## Task item
Please restate each line of the material word for word and omit any pictures.

───── Data ─────

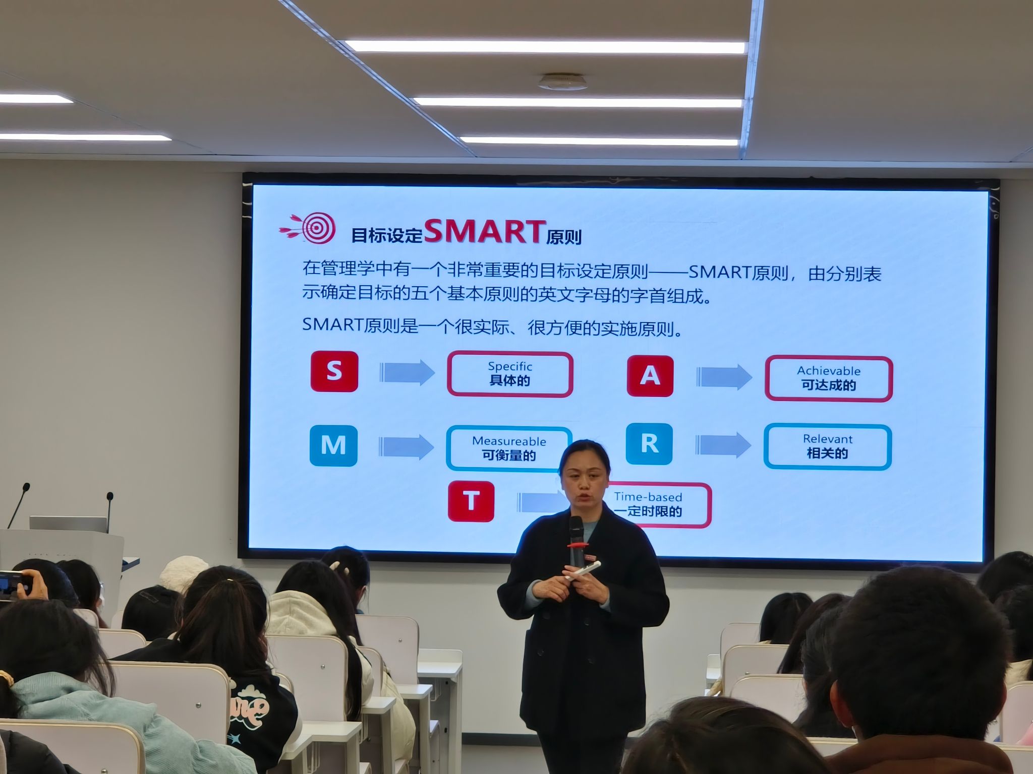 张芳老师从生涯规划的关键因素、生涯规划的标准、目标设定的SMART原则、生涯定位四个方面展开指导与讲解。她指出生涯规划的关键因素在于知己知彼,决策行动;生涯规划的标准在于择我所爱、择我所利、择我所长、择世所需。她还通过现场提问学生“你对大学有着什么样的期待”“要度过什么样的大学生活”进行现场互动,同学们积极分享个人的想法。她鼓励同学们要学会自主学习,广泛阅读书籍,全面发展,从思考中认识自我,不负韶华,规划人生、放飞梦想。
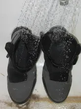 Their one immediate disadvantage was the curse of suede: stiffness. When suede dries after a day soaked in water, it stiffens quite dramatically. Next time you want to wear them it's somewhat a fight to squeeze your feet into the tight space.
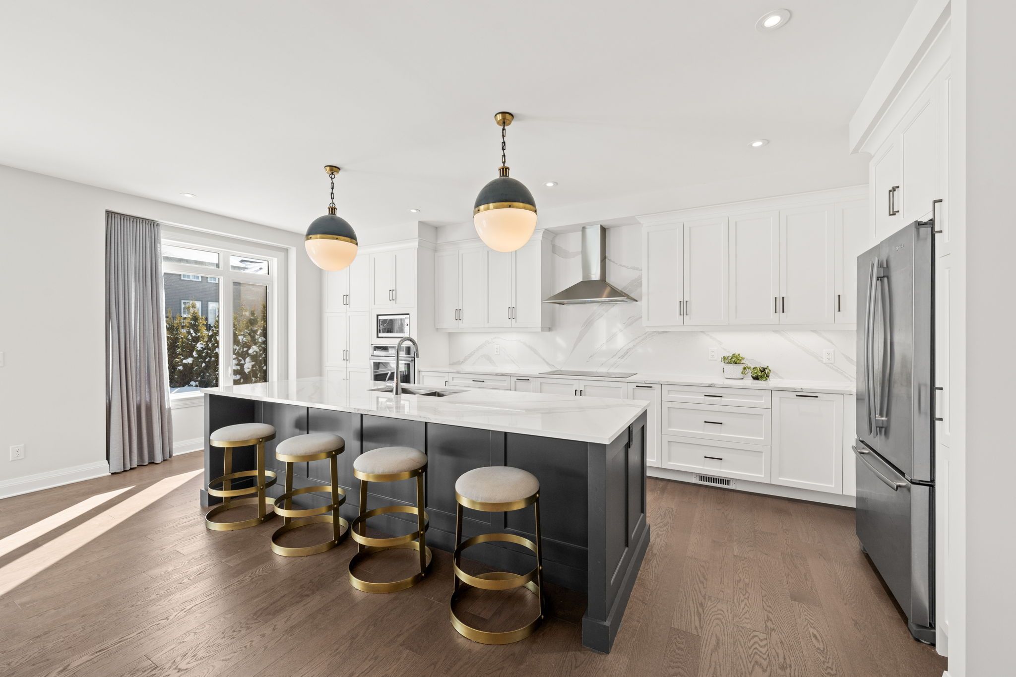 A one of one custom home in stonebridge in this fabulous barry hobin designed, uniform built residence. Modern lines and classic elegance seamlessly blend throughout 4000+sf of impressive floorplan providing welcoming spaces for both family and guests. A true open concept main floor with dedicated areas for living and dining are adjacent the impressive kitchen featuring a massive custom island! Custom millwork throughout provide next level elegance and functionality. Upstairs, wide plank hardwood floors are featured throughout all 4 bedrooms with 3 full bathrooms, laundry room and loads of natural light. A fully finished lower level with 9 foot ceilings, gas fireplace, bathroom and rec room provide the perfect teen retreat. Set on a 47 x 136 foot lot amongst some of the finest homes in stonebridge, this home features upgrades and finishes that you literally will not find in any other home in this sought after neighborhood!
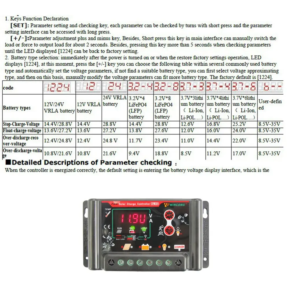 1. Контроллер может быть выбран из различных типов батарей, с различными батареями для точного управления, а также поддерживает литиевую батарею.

─────

## Response to the task
 张芳老师从生涯规划的关键因素、生涯规划的标准、目标设定的SMART原则、生涯定位四个方面展开指导与讲解。她指出生涯规划的关键因素在于知己知彼,决策行动;生涯规划的标准在于择我所爱、择我所利、择我所长、择世所需。她还通过现场提问学生“你对大学有着什么样的期待”“要度过什么样的大学生活”进行现场互动,同学们积极分享个人的想法。她鼓励同学们要学会自主学习,广泛阅读书籍,全面发展,从思考中认识自我,不负韶华,规划人生、放飞梦想。
 Their one immediate disadvantage was the curse of suede: stiffness. When suede dries after a day soaked in water, it stiffens quite dramatically. Next time you want to wear them it's somewhat a fight to squeeze your feet into the tight space.
 A one of one custom home in stonebridge in this fabulous barry hobin designed, uniform built residence. Modern lines and classic elegance seamlessly blend throughout 4000+sf of impressive floorplan providing welcoming spaces for both family and guests. A true open concept main floor with dedicated areas for living and dining are adjacent the impressive kitchen featuring a massive custom island! Custom millwork throughout provide next level elegance and functionality. Upstairs, wide plank hardwood floors are featured throughout all 4 bedrooms with 3 full bathrooms, laundry room and loads of natural light. A fully finished lower level with 9 foot ceilings, gas fireplace, bathroom and rec room provide the perfect teen retreat. Set on a 47 x 136 foot lot amongst some of the finest homes in stonebridge, this home features upgrades and finishes that you literally will not find in any other home in this sought after neighborhood!
 1. Контроллер может быть выбран из различных типов батарей, с различными батареями для точного управления, а также поддерживает литиевую батарею.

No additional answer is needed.